I'm having a little trouble understanding the wording of this theorem, and what it's implications are.
Theorem: If $A$ is an $n \times n$ symmetric matrix then for it to be positive definite it is:
Sufficient: all leading principal minors be positive
Necessary: all principal minors be positive
My understanding of sufficient vs necessary was that: (S) is a stronger condition than (N) in that it's possible (N) can be satisfied but A isn't Positive definite, whereas as long as (S) is satisfied, A is always positive definite.
But in this case, doesn't (N) imply (S)? If all principal minors are positive, then all the leading principal minors are positive, and hence A is PD.
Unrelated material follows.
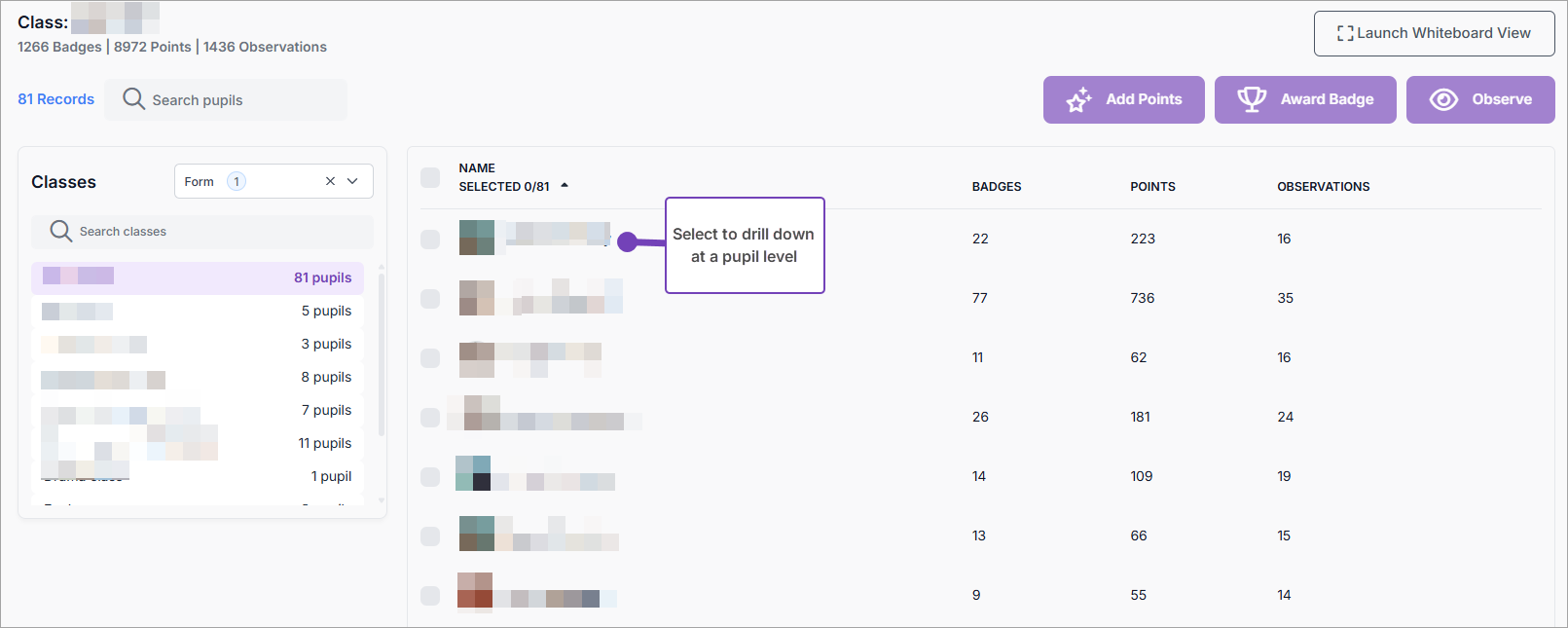 - The Class page loads. Select the pupil's Name to drill down into the specific informal observations recorded.

I'm confused by the meaning of necessary and sufficient here.
You are generally right:
The reverse implications do not necessarily hold, but may hold: in that case we have a “necessary and sufficient condition” for (P), i.e. a condition which is equivalent to (P).
That is what happens in your case: From the circular implications $$ \begin{align} &\text{All leading principal minors are positive} \\ \implies &\text{$A$ is positive definite} \\ \implies &\text{All principal minors are positive} \\ \implies &\text{All leading principal minors are positive} \end{align} $$ it follows that both your conditions are equivalent to $A$ being positive definite, i.e. both are necessary and sufficient.